Contribuição para este artigo: inspira a ideia da integração progressiva das diversas ordens da natureza em uma unidade superior.
C. S. LEWIS. A Abolição do Homem.
Lewis adverte contra a ilusão de que o homem possa dominar completamente a natureza sem acabar submetendo outros homens ao poder tecnológico.
Contribuição para este artigo: reforça a necessidade de uma ordem moral orientando o desenvolvimento científico.
JOSEPH RATZINGER (BENTO XVI). Introdução ao Cristianismo.
Ratzinger apresenta uma síntese da visão cristã da criação e da racionalidade do universo.
Contribuição para este artigo: oferece fundamentos contemporâneos para compreender Cristo como princípio unificador de toda a realidade.
BÍBLIA SAGRADA
Em especial:
- Gênesis 1–2;
- Salmo 8;
- Provérbios 8;
- João 1:1–18;
- Colossenses 1:15–20;
- Romanos 8:18–23.
Esses textos constituem o fundamento teológico da visão da criação como uma ordem inteligível, confiada ao homem para ser cultivada e preservada.
Contribuição para este artigo: estabelecem o princípio de que toda a criação encontra sua unidade e seu sentido em Cristo.
Considerações Finais
A bibliografia apresentada evidencia que a tese desenvolvida neste ensaio não surge de uma única escola de pensamento. Ela resulta do diálogo entre a filosofia clássica, a tradição cristã, a ciência moderna e a reflexão contemporânea sobre a técnica.
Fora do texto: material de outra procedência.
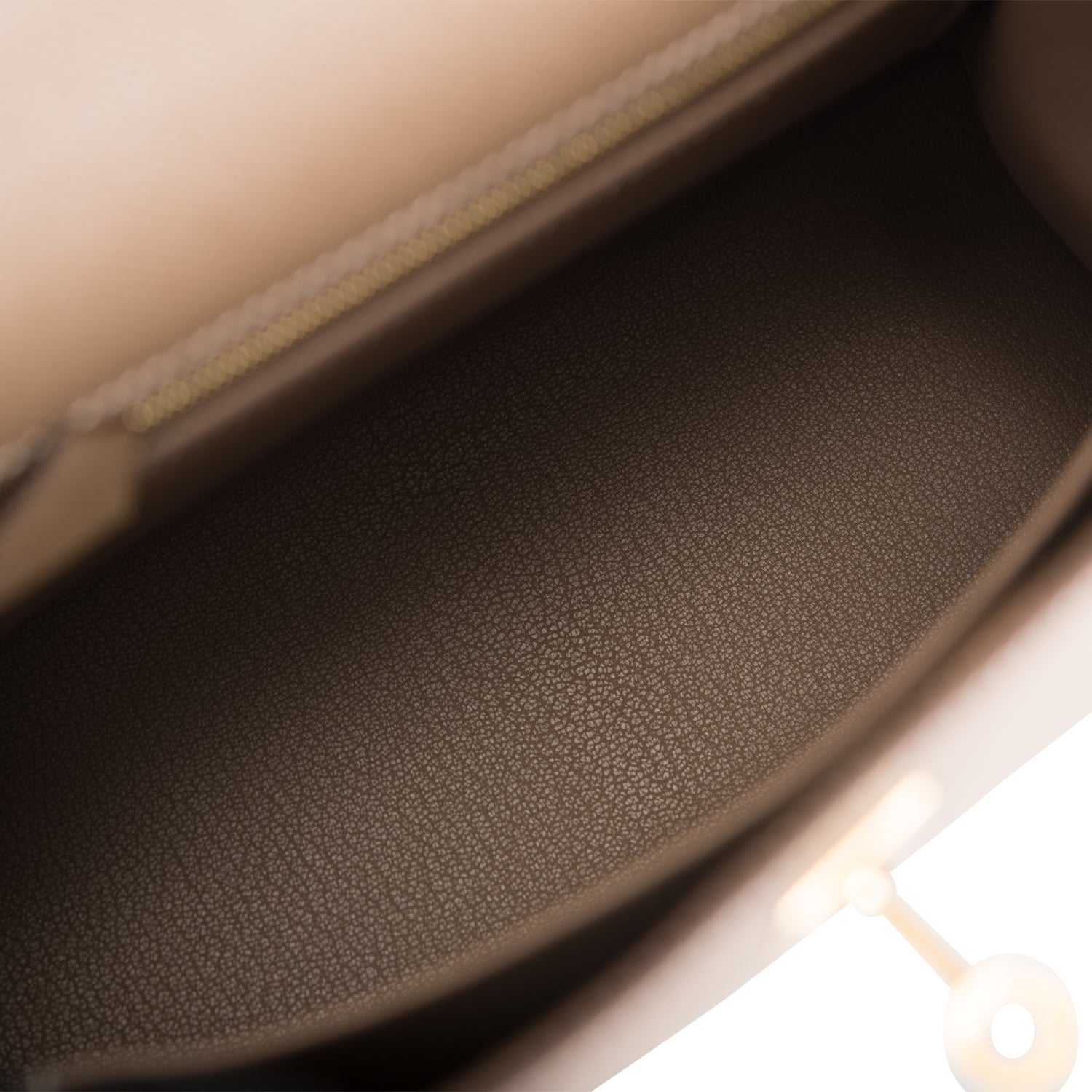 The interior is lined with Etoupe chevre leather and has one zip pocket with an Hermes engraved pull and one open pocket on the opposite side.

Embora esses autores frequentemente divirjam em suas conclusões, todos reconhecem que o conhecimento técnico depende, em alguma medida, da capacidade humana de compreender a ordem da realidade. A originalidade da presente proposta consiste em reunir essas contribuições sob uma perspectiva cristã unificadora, segundo a qual o primeiro grau do conhecimento técnico é a integração do homem com a natureza, e a unidade última dessa natureza encontra-se em Cristo, por meio de quem todas as coisas foram criadas e n'Ele todas subsistem.